Une population de plongeurs vieillissante
À mesure que la population de plongeurs vieillit, la ménopause et d’autres conditions liées à l’âge devront être prises en compte dans l’évaluation des symptômes et la gestion des troubles en plongée. Chez les plongeurs plus âgés, par exemple, une paralysie faciale pourrait être diagnostiquée comme un léger accident cérébro-vasculaire, comme une maladie de décompression, ou encore comme un léger barotraumatisme de l’oreille moyenne***. Chez une personne âgée, une douleur dans la poitrine pourrait être liée à un pneumothorax dû à une surpression, ou encore à une crise cardiaque. Cette plongeuse nous a permis de nous pencher sur un cas important qui montre la nécessité de l’inclusion des symptômes vasomoteurs de la ménopause dans le diagnostic différentiel des accidents de plongée dus à l’anxiété ou à la panique chez les femmes. Ce cas a soulevé plusieurs questions :
L’exposition à de l’oxygène hyperbare provoquet-elle des bouffées de chaleur ?
L’accumulation d’azote intensifie-t-elle les bouffées de chaleur ?
La narcose accélère-t-elle ou intensifie-t-elle les symptômes vasomoteurs ?
Nous ne possédons pas encore les réponses à ces questions. Ce cas offre une nouvelle leçon aux médecins de la plongée ainsi qu’à toute personne s’intéressant à la gestion des incidents de plongée.

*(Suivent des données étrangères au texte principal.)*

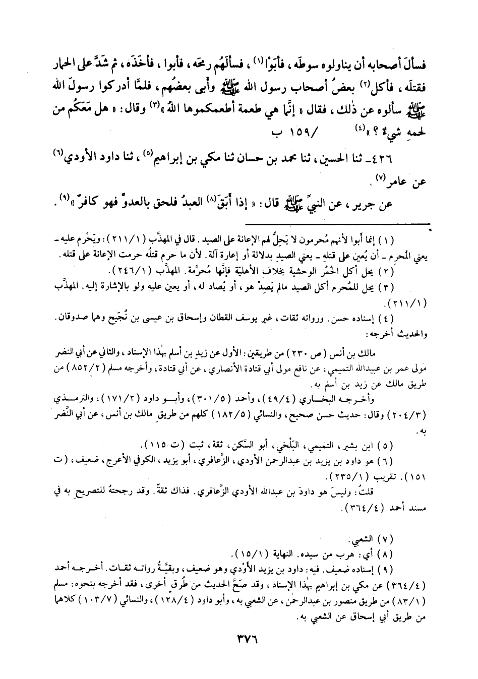 426 - ثنا الْحُسَيْنُ ثنا مُحَمَّدُ بْنُ حَسَّانَ، ثنا مَكِّيُّ بْنُ إِبْرَاهِيمَ، ثنا دَاوُدُ الْأَوْدِيُّ، عَنْ عَامِرٍ، عَنْ جَرِيرٍ، عَنِ النَّبِيِّ صَلَّى اللهُ عَلَيْهِ وَسَلَّمَ قَالَ: «§إِذْ أَبَقَ الْعَبْدُ فَلَحِقَ بِالْعَدُوِّ فَهُوَ كَافِرٌ»

L’un de mes premiers professeurs cliniques nous disait, lorsque nous faisions notre ronde des chevets à l’hôpital : « Écoutez toujours vos patients. Ils essayent de vous dire ce qui ne va pas chez eux. »

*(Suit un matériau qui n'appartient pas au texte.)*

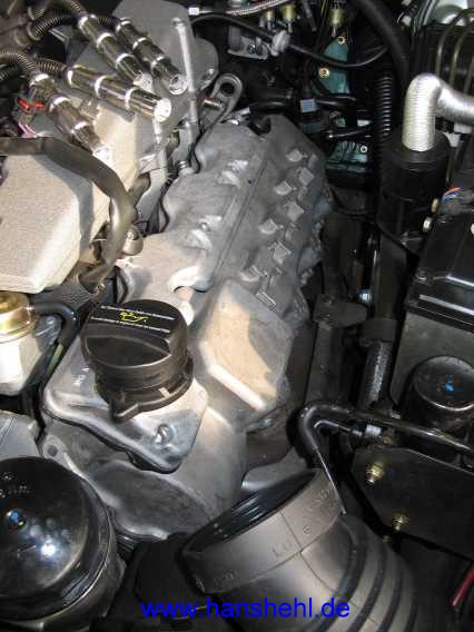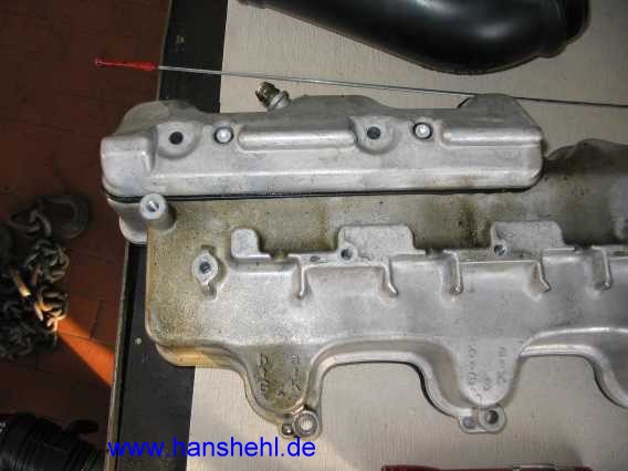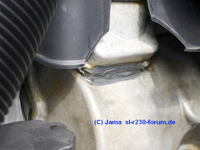 Bei meinem G55AMG von 2/2006 war an der linken Zylinderkopfhaube der zusätzliche Entlüftungsdeckel mit dem Öleinfullstutzen geringfügig undicht. Der kleine Deckel war mit Dichtmasse (vermutlich Loctite 5970 - A003989982010) abgedichtet. Stand Februar 2015: Wie sich in den nachfolgenden Jahren zeigte, war die MB-Dichtungsmasse nicht sehr haltbar, die Deckel waren seit längerer Zeit wieder etwas undicht. SL55AMG: Der SL55AMG hat den gleichen Motor, also gleiches Problem. Man kann sie selber abdichten, siehe Abschnitt 5 im Text. |

C’est exactement ce qu’a fait cette plongeuse. Bien que j’aie confirmé le diagnostic, elle était déjà elle-même convaincue d’avoir subi une bouffée de chaleur sous l’eau. En écoutant son corps, elle a pu réaliser son propre diagnostic, et a consulté DAN pour en avoir le coeur net.

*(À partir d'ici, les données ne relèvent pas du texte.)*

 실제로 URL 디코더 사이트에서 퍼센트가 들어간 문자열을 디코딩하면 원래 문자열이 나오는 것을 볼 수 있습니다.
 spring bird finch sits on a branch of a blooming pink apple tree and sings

Notre plongeuse continue à plonger, mais en portant une attention spéciale sur ses épisodes de bouffées de chaleur et aux angoisses qui les accompagnent. Elle sait qu’en faisant attention aux signes que lui envoie son organisme, elle peut obtenir bien des réponses. Et qu’un simple coup de fil lui permet d’obtenir des conseils auprès de DAN.
Note du rédacteur :
Même si cette histoire se termine bien, sans incident ou lésion liée à la plongée (maladie de décompression, narcose, intoxication au monoxyde de carbone) ni trouble cardiaque ou réaction médicamenteuse ou alimentaire, elle nous rappelle que nous devons nous préoccuper de notre santé en tant que plongeurs. Nous devons écouter notre corps et faire attention aux signaux qu’il nous envoie. Si vous avez des questions, vous pouvez appeler la ligne d’information médicale de DAN accessible les jours ouvrables de 9 h à 18 h, heure centrale d’Europe. Si vous pensez que vous êtes confronté à une urgence de plongée, vous pouvez appeler à tout moment la ligne d’urgence DAN, accessible 24 h/24, tous les jours de l’année.
Notes de bas de page
* Le Tai Chi consiste en une série de mouvements physiques lents combinés à des techniques de respiration, avec un caractère spirituel, qui permettent de rentrer dans un état de méditation. La méthode Pilates met l’emphase sur la colonne vertébrale, la respiration, la posture globale et la souplesse.
** L’actée à grappe noire (également connue sous les appellations Actaea racemosa ou Black Cohosh, anciennement Cimicifuga racemosa), est une plante originaire d’Amérique du Nord. Les racines et les rhizomes de cette plante sont largement utilisés dans le traitement des symptômes de la ménopause et des troubles prémenstruels. Des études ont montré que cette plante médicinale, lorsqu’elle est normalisée à un certain pourcentage de glycosides de triterpène, semblait avoir des effets bénéfiques sur les symptômes de la ménopause. Ses effets secondaires sont extrêmement rares, et elle n’a aucune interaction nocive connue avec d’autres médicaments. (Kligler B. Black cohosh. American Family Physician 2003;68:114-116).
*** Molvaer O.I et al.; Undersea Biomedical Research, Vol 14, No. 3, May 1987, 277 – 295.